**Task material**

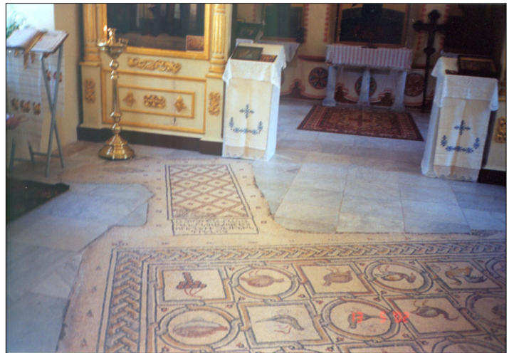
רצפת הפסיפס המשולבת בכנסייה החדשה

...

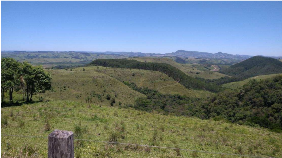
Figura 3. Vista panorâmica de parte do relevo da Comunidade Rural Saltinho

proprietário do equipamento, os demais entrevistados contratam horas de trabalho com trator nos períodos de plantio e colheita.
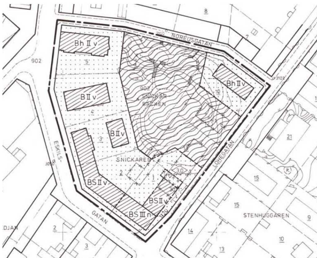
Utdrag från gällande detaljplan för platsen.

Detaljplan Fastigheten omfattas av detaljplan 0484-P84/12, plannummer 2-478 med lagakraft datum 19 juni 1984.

**Task statement**
Repeat, word for word, the lines above between the line holding "Utdrag från gällande detaljplan för platsen." and the line holding "Detaljplan Fastigheten omfattas", inclusive; omit everything else.

**Output for this task**
Utdrag från gällande detaljplan för platsen.

Detaljplan Fastigheten omfattas av detaljplan 0484-P84/12, plannummer 2-478 med lagakraft datum 19 juni 1984.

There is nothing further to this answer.